Vinyl, chloropropyl, and mercaptopropyl functionalized particles were prepared by a two-step acidic/alk. catalyzed co-hydrolysis/condensation of methyltrimethoxysilane with a different silane precursor that carries chem. reactive functional group including vinyl, chloropropyl, and mercaptopropyl, resp. The morphol., pore structure, and functional groups of the synthesized packings were studied by SEM, nitrogen adsorption-desorption measurements, and solid-state 13C 29Si NMR spectroscopy, resp. The particles show ordered sphere, narrow particle size distribution, and mesoporous structure. The carbon contents of the microspheres are in the range of 17-19%, comparable to those of octadecyl-bonded silica packings. The three-kind of microspheres were directly used as packing materials for high-performance liquid chromatog. without size classification. The chromatog. performance of the columns was evaluated and compared with a com. available C18 phase. The results revealed that these columns possess typical reversed-phase chromatog. properties with increased hydrophobicity than polymethylsilsesquioxane and sym. peaks for basic compounds They were applied to the simultaneous separation of combination bendazol hydrochlorothiazide capsules containing polar and basic drugs with peaks identified by tandem with mass spectrometry. In general, a novel method is provided for the synthesis of different methyltrimethoxysilane-derived microspheres for high-performance liquid chromatog., which are advantageous for separating basic compounds

Journal of Separation Sciencepublished new progress about Chromatographic stationary phases (base-deactivated and alk.-resistant). 6882-68-4 belongs to class naphthyridine, and the molecular formula is C15H24N2O, Electric Literature of 6882-68-4.

Referemce:
1,8-Naphthyridine – Wikipedia,
1,8-Naphthyridine | C8H6N2 – PubChem

Li, Jian-Chun; Zhang, Zhi-Jun; Liu, Dan; Jiang, Ming-Yan; Li, Rong-Tao; Li, Hong-Mei published the artcile< Quinolizidine alkaloids from the roots of Sophora flavescens>, HPLC of Formula: 6882-68-4, the main research area is quinolizidine alkaloid isolation Sophora flavescens cancer inflammation; Sophora; Sophora flavescens Alt; anti-inflammation; cytotoxicity; quinolizidine alkaloids.

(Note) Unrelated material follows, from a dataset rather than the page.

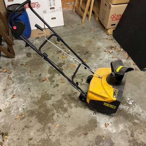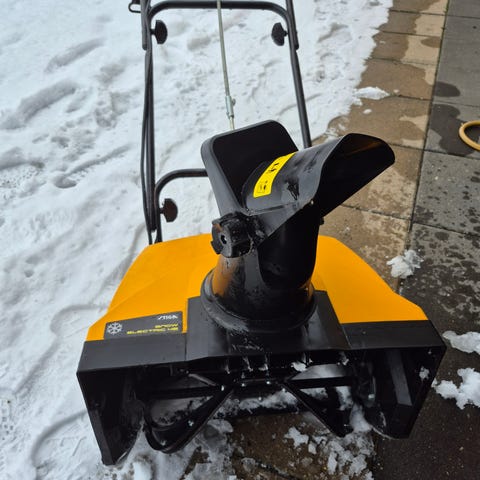 Stiga elektrisk snefjerner med sort og gul farve. Maskinen er designet til effektiv fjernelse af sne på mindre områder og har en kompakt størrelse for nem håndtering.
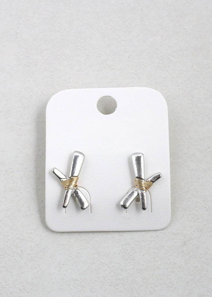 Elevate your style with these wire-wrapped hex earrings, a perfect fusion of modern elegance and artisanal charm. Featuring a sleek X-shaped hexagonal design, these earrings are crafted in gold-tone and silver-tone metal, accented with delicate wire wrapping for a unique, handcrafted finish.

Seventeen quinolizidine alkaloids, including a new matrine-type one, sophcence A, were isolated from the roots of Sophora flavescens Alt. The structure of compound was elucidated by means of 1D and 2D NMR, as well as HR-ESI-MS spectroscopic data. The NMR data of (-)-Δ7-dehydrosophoramine () and oxy-N-methylcytisine () were reported for the first time. In addition, (+)-sophoranol () exhibited moderate inhibition on lipopolysaccharide (LPS)-induced nitric oxide (NO) production in RAW 264.7 macrophages with IC50 value of 22.14 μM, while lupanine () was found to inhibit the growth of human glioma stem cells GSC-3# at 20 μg/mL.

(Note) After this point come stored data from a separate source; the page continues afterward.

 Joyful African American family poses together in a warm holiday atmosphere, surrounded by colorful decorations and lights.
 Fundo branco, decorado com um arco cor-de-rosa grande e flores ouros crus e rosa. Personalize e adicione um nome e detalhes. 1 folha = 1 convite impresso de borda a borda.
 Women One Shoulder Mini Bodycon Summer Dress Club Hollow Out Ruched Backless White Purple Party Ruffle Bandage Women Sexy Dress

Natural Product Researchpublished new progress about Alkaloids Role: NPO (Natural Product Occurrence), PAC (Pharmacological Activity), PUR (Purification or Recovery), THU (Therapeutic Use), BIOL (Biological Study), OCCU (Occurrence), PREP (Preparation), USES (Uses). 6882-68-4 belongs to class naphthyridine, and the molecular formula is C15H24N2O, HPLC of Formula: 6882-68-4.

Referemce:
1,8-Naphthyridine – Wikipedia,
1,8-Naphthyridine | C8H6N2 – PubChem

Zhao, Wu-li; Xing, Yan; Ye, Cheng; Qiu, Yu-han; Li, Yi; Liu, Xiu-jun; Wang, Meng-yan; Bi, Chong-wen; Song, Dan-qing; Shao, Rong-guang published the artcile< The novel sophoridine derivate IMB-HDC induced lessened phosphorylation of STAT5a at 694 and 780 and promoted DNA breakage and cell apoptosis via blocking STAT5a nuclear translocation>, Category: naphthyridine, the main research area is cancer cell apoptosis sophoridine derivate STAT5a DNA breakage; DNA breakage; STAT5a; anticancer; nuclear location; shuttle.

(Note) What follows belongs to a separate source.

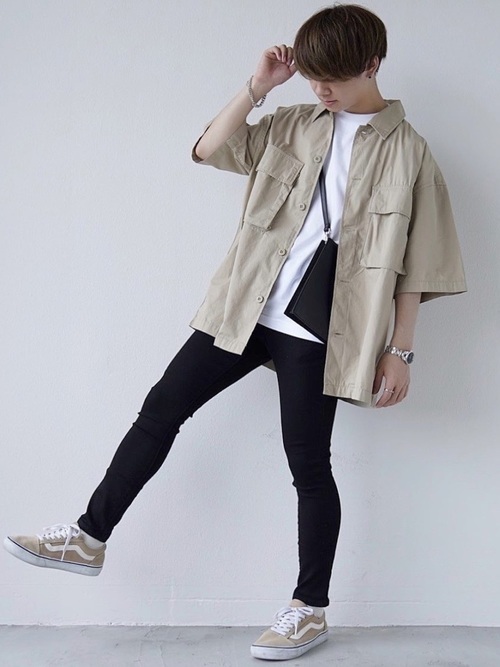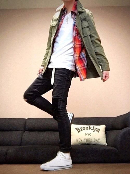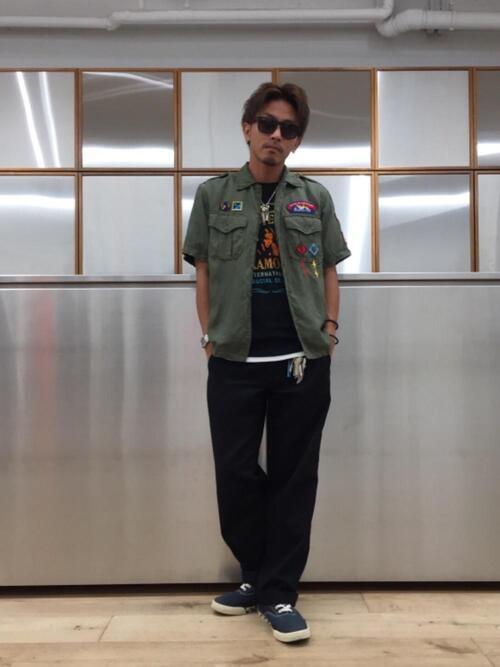 柄物のTシャツとワッペンの付いたミリタリーシャツで、上がこれまたごちゃごちゃした印象になっているコーディネート。こんな時は、パンツとスニーカーはシンプルにまとめるのが一番です。Tシャツの下から少し見えるタンクトップがグッとおしゃれに見せてくれます。

Sophoridine is a quinolizidine natural product and the exploration of its derivatives has been carried out, and the potent anticancer compound IMB-HDC was acquired. Although previous studies have revealed that some sophoridine derivatives could induce DNA breakage, the underlying mechanisms of inhibition of DNA damage repair (ATR inactivation) and the apoptosis independent of p53, have not been elucidated. Our research reveals a novel DNA response mechanism different from general DNA-damaging agents, and that sophoridine derivate inhibits the phosphorylation of Tyr694 and Ser780 of STAT5a to induce the lessened shuttle from the cytoplasm to the nucleus, and leads to the decreased nuclear STAT5a and subsequently inhibits the expression of STAT5a target gene RAD51 that contributes to the checkpoint activation, thus inhibiting ATR activation. Meanwhile, IMB-HDC that induced the diminished expression of STAT5a target gene contributes to proliferation and leads to apoptosis. More importantly, we give the first evidence that promoting the effect of Tyr694 phosphorylation on nuclear location and subsequent STAT5a target gene transcription depends on Ser780 increased or unchanged phosphorylation and was not correlated with Ser726 phosphorylation.

Acta Pharmacologica Sinicapublished new progress about Animal gene, Bcl-2 Role: BSU (Biological Study, Unclassified), BIOL (Biological Study). 6882-68-4 belongs to class naphthyridine, and the molecular formula is C15H24N2O, Category: naphthyridine.

Referemce:
1,8-Naphthyridine – Wikipedia,
1,8-Naphthyridine | C8H6N2 – PubChem

Rizvi, Syed Arif Hussain; Ling, Siquan; Tian, Fajun; Liu, Jiali; Zeng, Xinnian published the artcile< Interference mechanism of Sophora alopecuroides L. alkaloids extract on host finding and selection of the Asian citrus psyllid Diaphorina citri Kuwayama (Hemiptera: Psyllidae)>, SDS of cas: 6882-68-4, the main research area is Sophora Diaphorina Murraya seedling alkaloid host selection; Alkaloids; Behavioral effect; Botanical pesticides; Diaphorina citri; Host selection; Sophora alopecuroides.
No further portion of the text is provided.